Insgesamt darf man den Gestaltungsbeirat, für den die Stadt pro Jahr knapp 28 000 Euro ausgibt, als Bekenntnis zur Baukultur werten. Man wolle, sagt der Leiter des Stadtplanungsamtes, Christian Schreiner, „Bau- und Planungskultur in der Stadtgesellschaft verankern“.
Projekte bekämen durch den Gestaltungsbeirat die Chance, „auf ein anderes Level gehoben zu werden“. Beratung bedeutet in vielen Fällen Verbesserung.
Wenn das Gebiet um den Osthafen entwickelt wird, ist der Gestaltungsbeirat ebenfalls eingebunden. In seiner ersten Sitzung in neuer Besetzung hat er sich bereits damit beschäftigt. Die Aufwertung des Geländes am Osthafen ist sehr im Interesse der Stadt, zumal es auch touristischen Zwecken dienen kann. Kulturort ist er ohnehin schon.

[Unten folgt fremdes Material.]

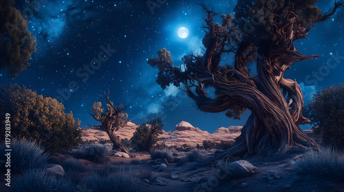 Twisted juniper trees on moonlit desert plateau
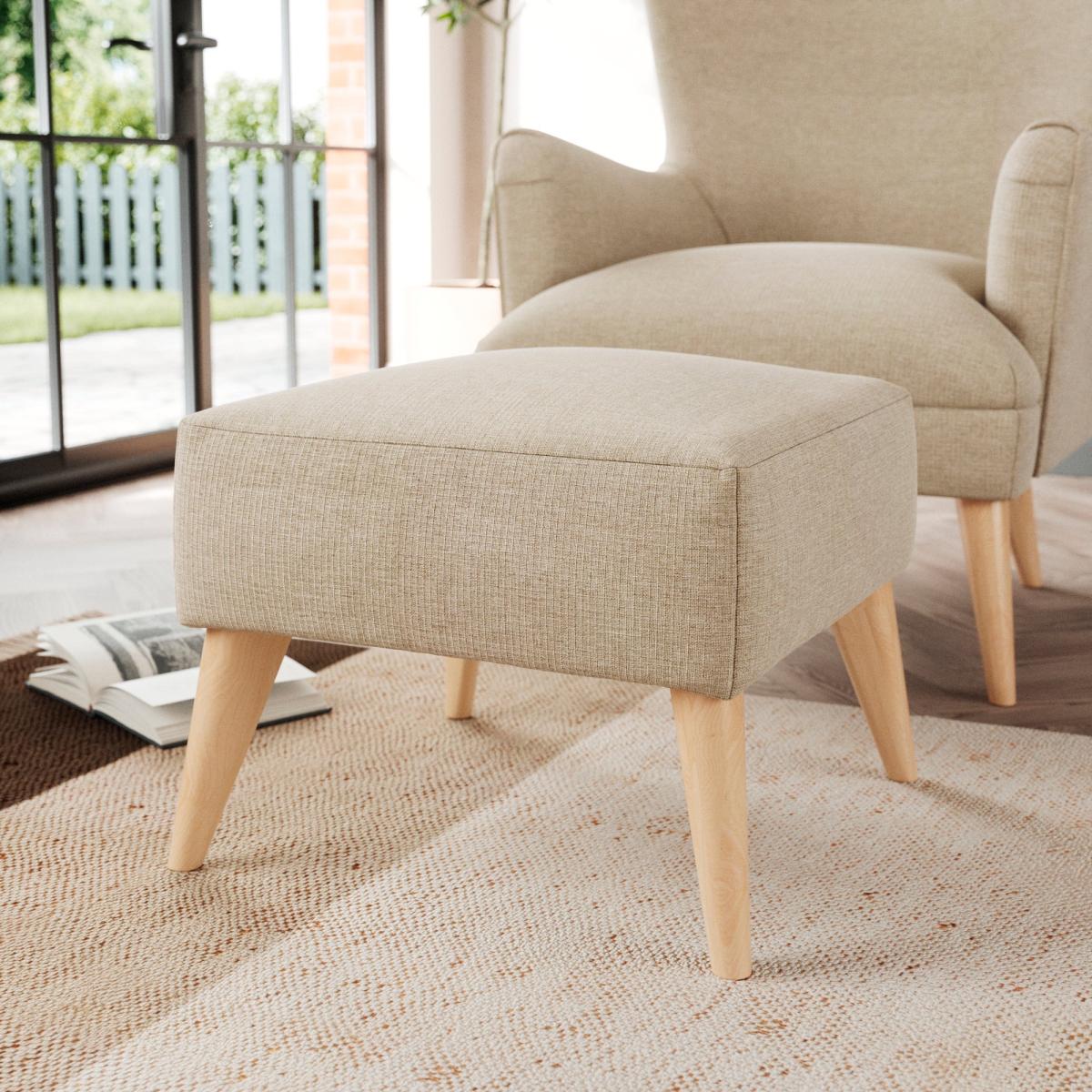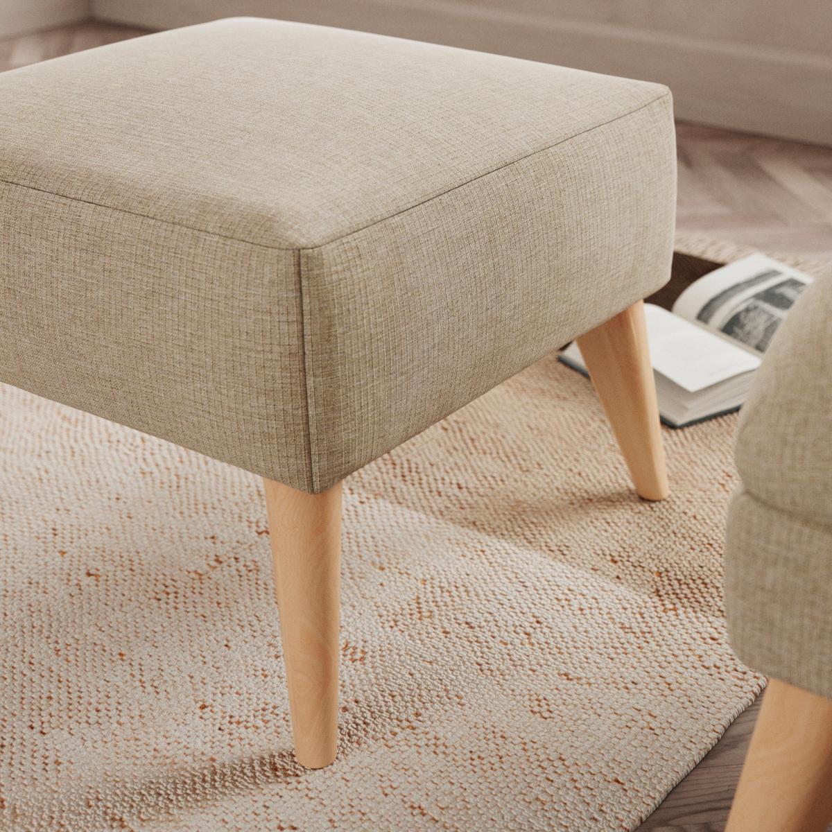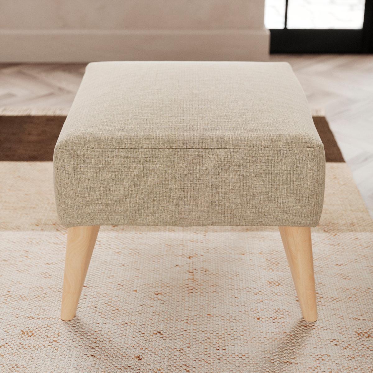 I love this footstool for its relaxed, versatile look. The tonal weave in natural tones gives it a subtle texture that complements both modern and Scandinavian-inspired interiors, but it can also work well in more eclectic spaces. It’s a practical piece for adding additional seating or a comfortable spot to rest your feet without overpowering a room. Style it with other neutral or earthy accessories to keep the aesthetic cohesive, or add a pop of colour through cushions or throws on nearby furniture. Its simple silhouette and light wood legs make it adaptable, so it can sit comfortably in living rooms, bedrooms, or even transitional schemes. Plus, its durable fabric means it’s well suited for everyday use in a family home.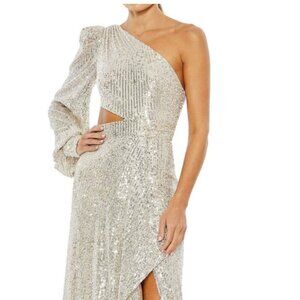 Ieena for Mac Duggal Dress Womens 2 Silver One Shoulder Sequin Gown Slit Formal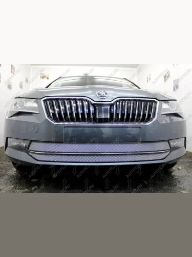 Защита радиатора (2 части) Стрелка11 Стандарт Skoda Superb B8 (3V) лифтбэк дорестайлинг (2015-2019) (хром) в Самаре Самарской области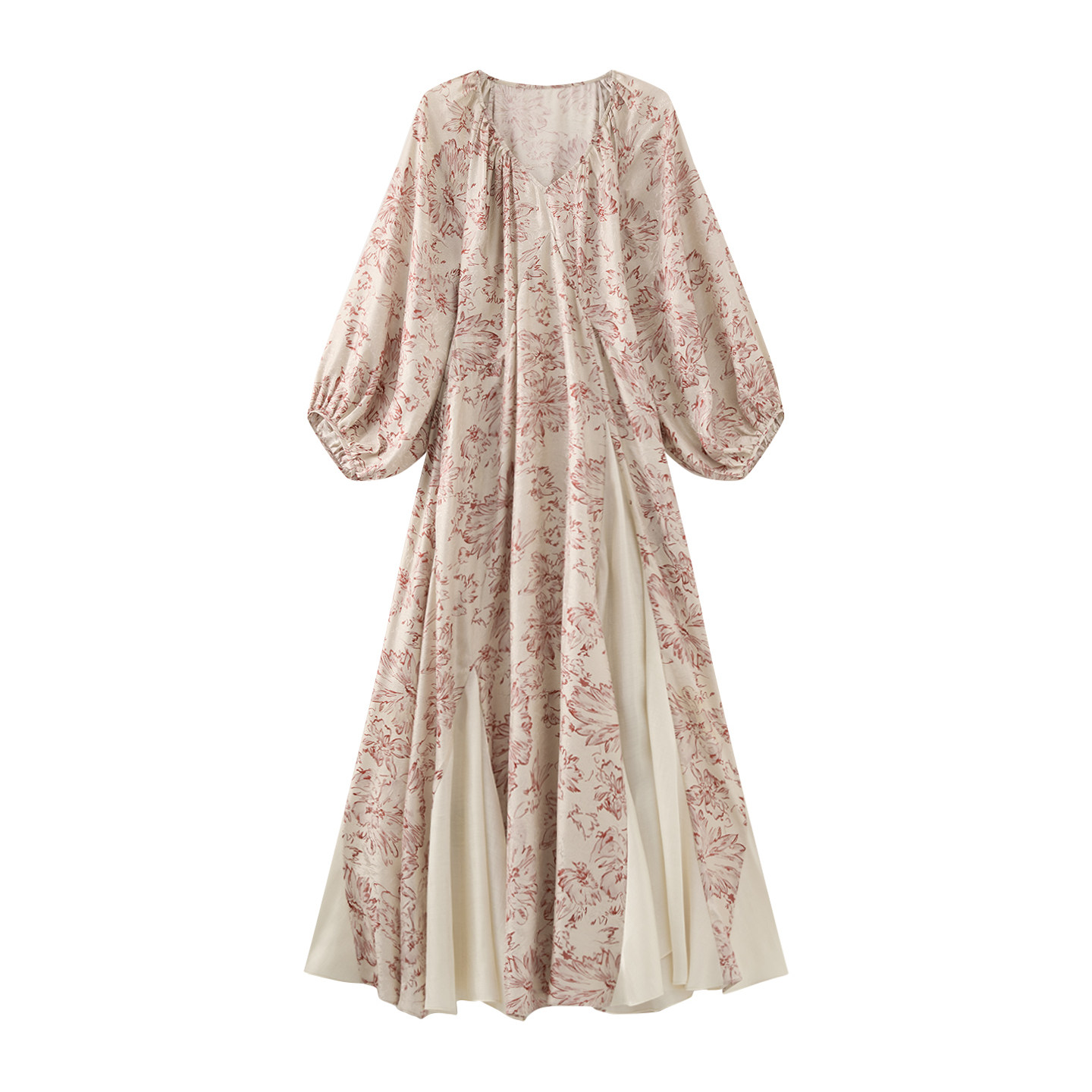 JINYU矜羽【绯花】V 领长裙 遮肉显瘦碎花裙女连衣裙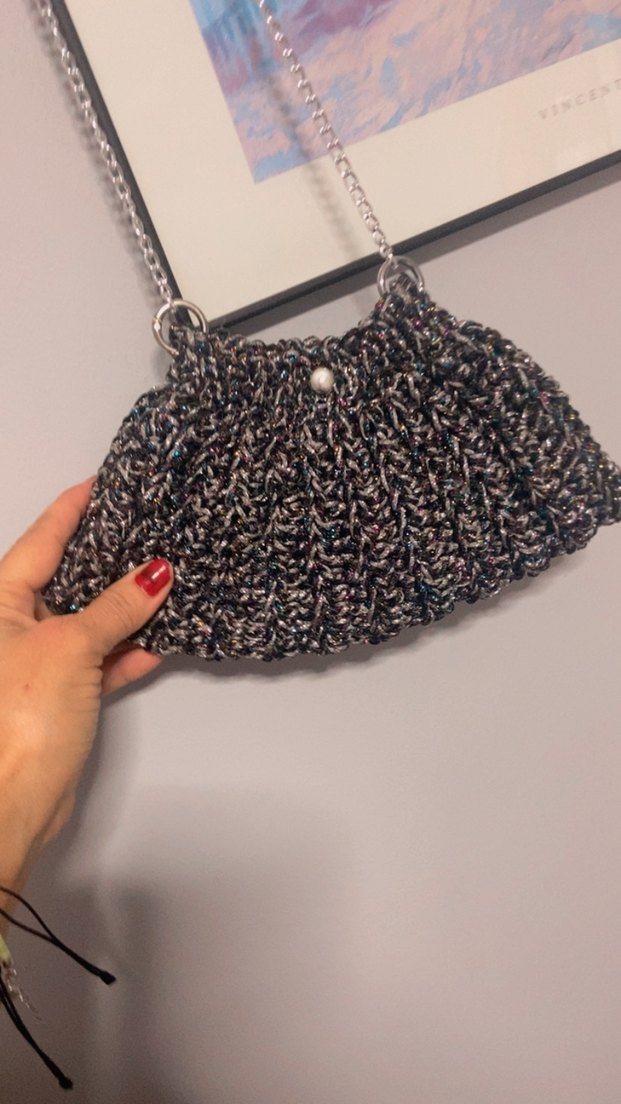 Gri Örgü Kadın Çanta Zincir Askılı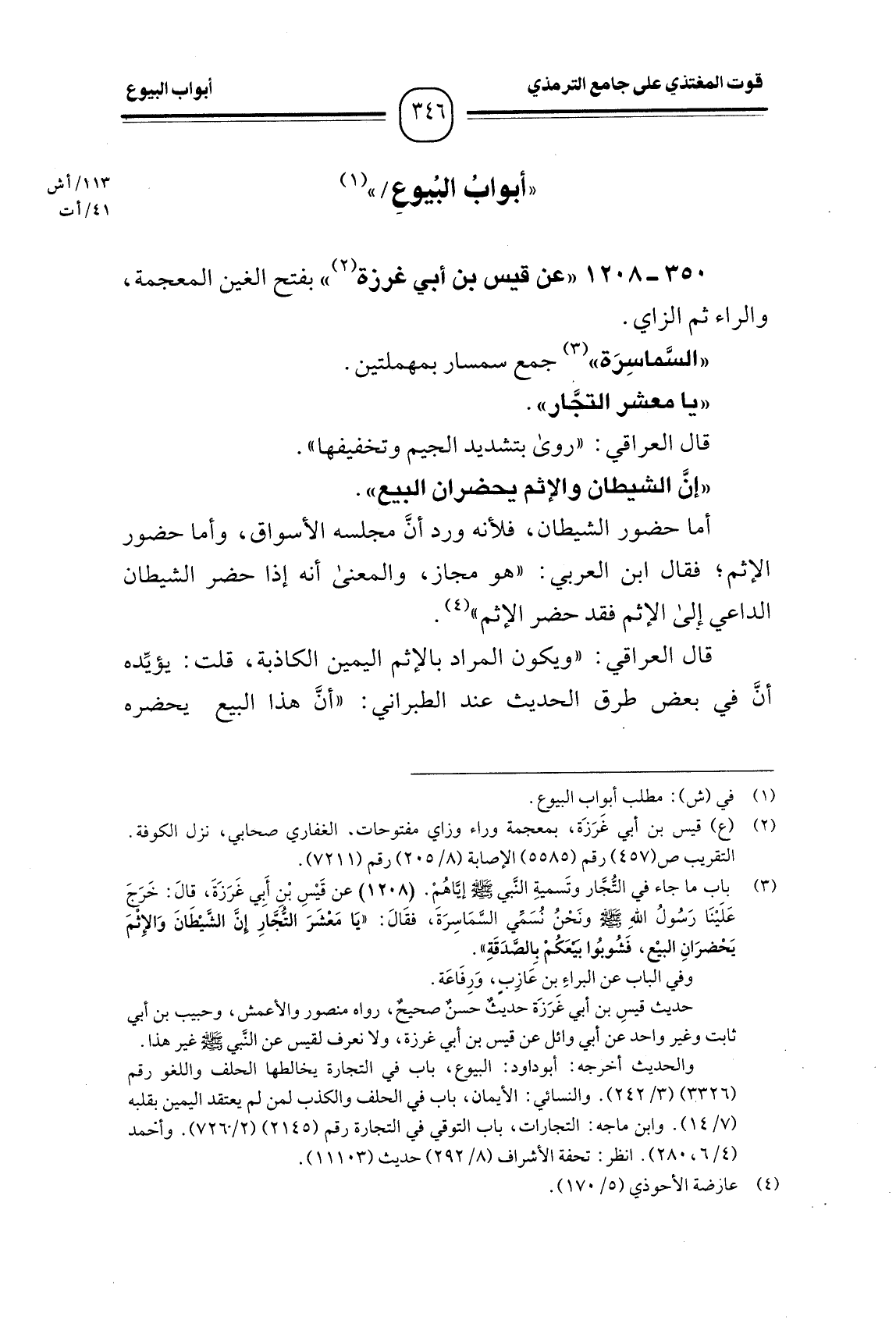 350 -[1208] "عن قيس بن أبي غرزة" بفتح الغين المعجمة، والراء ثم الزاي.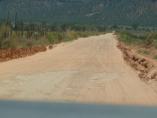 He has shown me the road on the map, and we THINK we can make it, but his rental is a little low to the ground. I notice that the road number obscures the fact that for four miles, going into Arizona, the road is actually a track. We hold our breath, as the pavement ends, the road turns into washboard, the road forms crevasses, and we just hope the road doesn’t wash away. This is one of the longest four miles ever.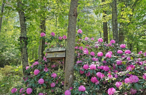 Look no further than Kaitlin's Hemlock for Asheville, NC cabin near Biltmore House. This delightfully decorated and spacious two-bedroom cabin is ideal for a quick romantic getaway or for a long-term stay. Pine-paneled cathedral ceilings add to the ambiance of this cabin and coziness of the great room. Cuddled up with a book on the leather couch or easy chair and enjoy the soft surroundings of the cabin. Discounted monthly rates are available.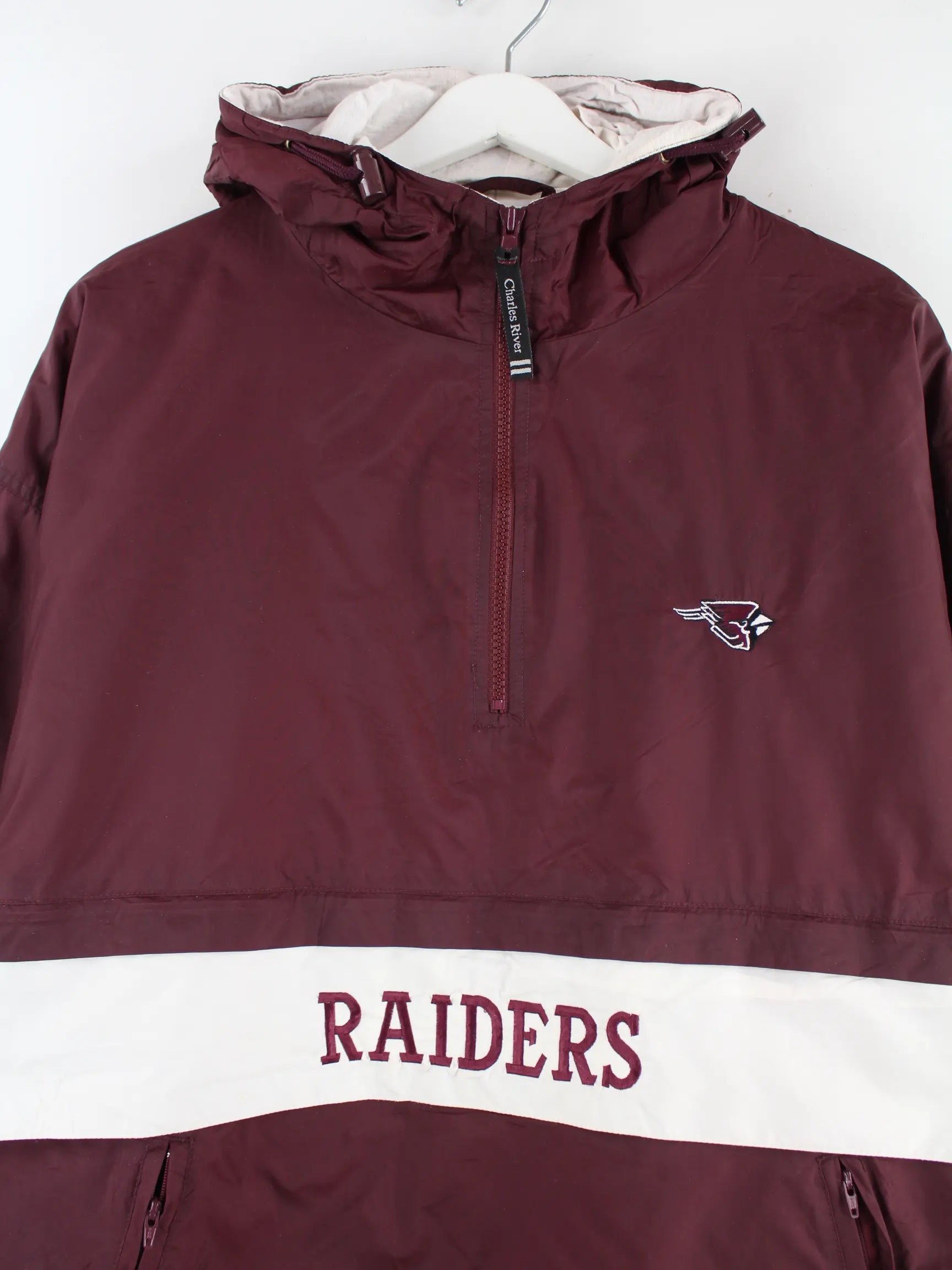 Vintage Windbreaker in Größe M. Er ist aus Synthetik produziert und in Rot zu haben.

Sinn, Zweck und Arbeitsweise des Gestaltungsbeirates sind in einer Geschäftsordnung festgehalten. Seine Arbeit soll „das Bewusstsein fördern, dass eine anspruchsvolle Baukultur ein wichtiger Faktor urbaner Lebensqualität ist.“Vor allem in kleineren Kommunen fehlen oft solche beratenden Gremien, die fachliche Kompetenz haben und von außen auf Geplantes schauen. „Mobile Gestaltungsbeiräte“könnten eine Lösung sein. Gerade etwa hat die Architektenkammer des Saarlandes der Stadt Sulzbach Beratung in Sachen Baukultur angeboten.
Der Saarbrücker Gestaltungsbeirat tagt fünfmal im Jahr. Zuständig ist er für alle Bauvorhaben, „die aufgrund ihrer Größenordnung und Bedeutung für das Stadtbild prägend in Erscheinung treten.“So sieht es die Geschäftsordnung vor. Das Gelände am Osthafen und die dortigen Gebäude erfüllen diese Voraussetzung in besonderer Weise. Von weitem sichtbares Zeichen dafür ist das Rhenania-Haus; das einstige Lagerhochhaus direkt am Hafenbecken soll Mittelpunkt der Kreativwirtschaft werden – und mit einer besonderen architektonischen Form auf sich aufmerksam machen. Der Baubeginn ist für 2024 geplant – zuvor wird sich der Gestaltungsbeirat noch einmal mit den Plänen befassen.